Tkwiłem po szyję, pot ściekał skroniami, a ja nie mogłem go wytrzeć. Niektóre kropelki zawisły na brwiach, inne zaś płynęły polikami. Dmuchałam – na marne.

Rozejrzałem się dokoła – widok był ograniczony. Usłyszałem bul-bul i kość zaczęła pływać tuż obok nosa… kolejna i jeszcze parę innych – cieńszych.

„Gdzie skóra”? – pomyślałem.

[…], koszmar – czas wybudzić mózg z głębokiego snu. Ani sekundy dłużej!

Uniosłem ociężałe powieki – księżyc oświetlał szafę i ścianę. Na usta wpełznął szeroki uśmiech.  Mrugnąłem, szczęśliwy, że to koniec.

Rozwarłem usta, zaczerpnąłem tchu, ale… coś było nie tak. Nie czułem cyrkulacji powietrza. W ogóle nic nie czułem, jakbym był sparaliżowany.

Wybałuszyłem oczy, przechyliłem głowę na drugi bok i jęknąłem. Na skraju łóżka siedział czarny, garbaty i smukły cień. Często, zaraz po przebudzeniu miewałem majaki, ale ten był inny. Przysunął wychudzoną dłoń ku mojej twarzy; cztery kościste palce zacisnęły się na policzkach. Szczypało i piekło, kiedy ostre jak brzytwa pazury wchodziły pod skórę, sięgając zatok.

Grymas cierpienia wykrzywił usta, a głowa powędrowała do góry, unoszona z ogromną lekkością. W lustrzanym odbiciu zauważyłem, że nie mam ciała, a krew kapie na podłogę jak z podciętego gardła.

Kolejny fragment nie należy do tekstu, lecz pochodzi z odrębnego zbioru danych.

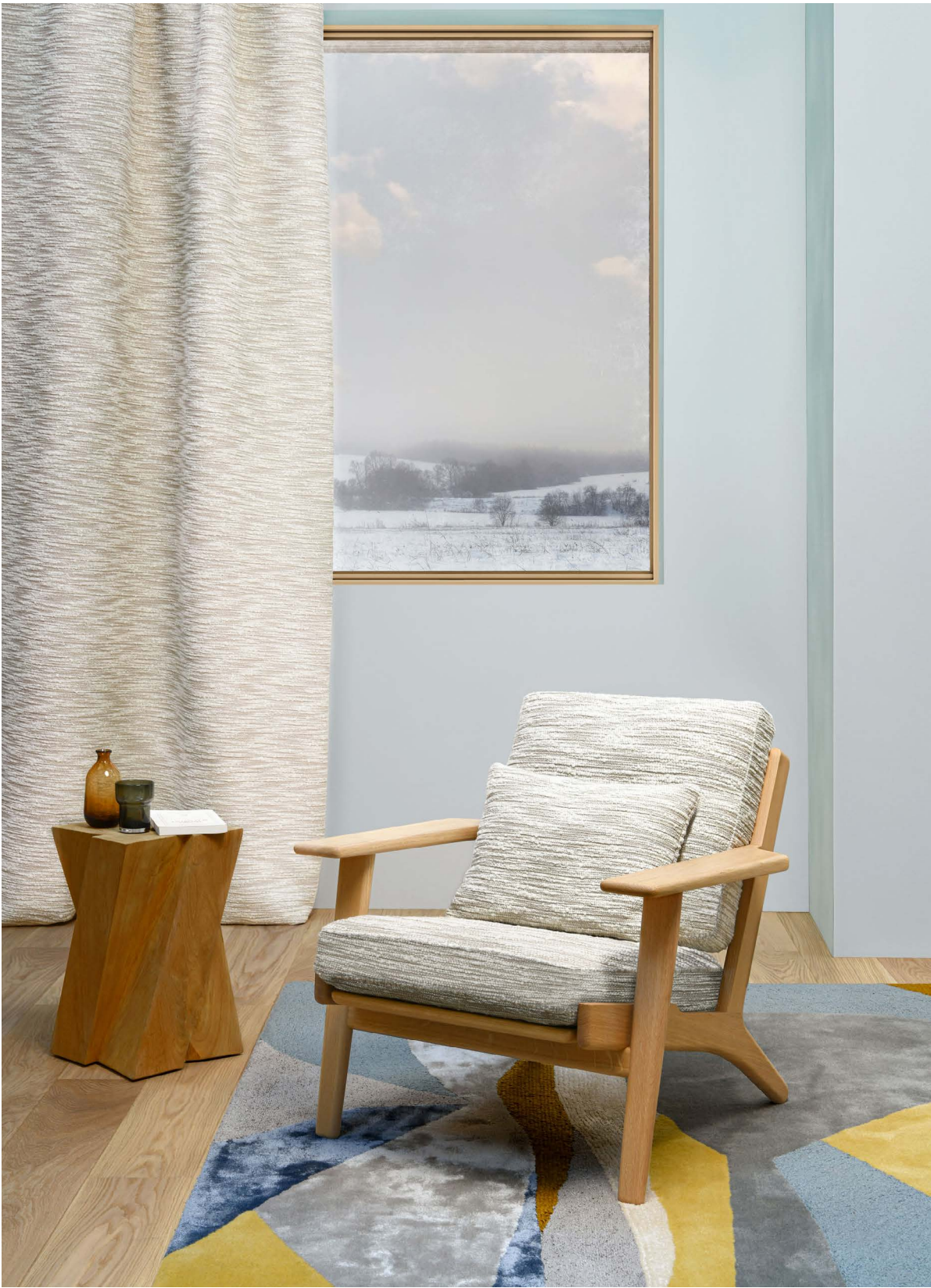
FAUTEUIL* Getama GE 290 TABLE BASSE Sutherland Zigi

1 coloris Naturel (636-01) Largeur laize 136cm | Poids (gr/ml) 1 379 gr/ml | Composition LI 47% WV 28% CO 24% PA 1% Prix 189.20 € TTC

Wrzasnąłem, po raz ostatni – mogłem. Wznosząc wzrok ku niebu, dostrzegłem swoje brakujące części. Poćwiartowane, całe w czerwieni, tkwiły przytwierdzone do białego sufitu i jakby czekały na coś, czego tam brakowało.

Koniec, pomyślałem i upuściłem kilka kropel wilgoci z przekrwionych oczu.

Chciałem tego, czułem pustkę i nawet podświadomie błagałem śmierć, aby oddała to, co moje.

Posłuchała.

Poleciałem w powietrze. Rozczłonkowane części ciała ożyły, spajając się w całość.

Opadły, a ja za nimi. Głowa powróciła na miejsce.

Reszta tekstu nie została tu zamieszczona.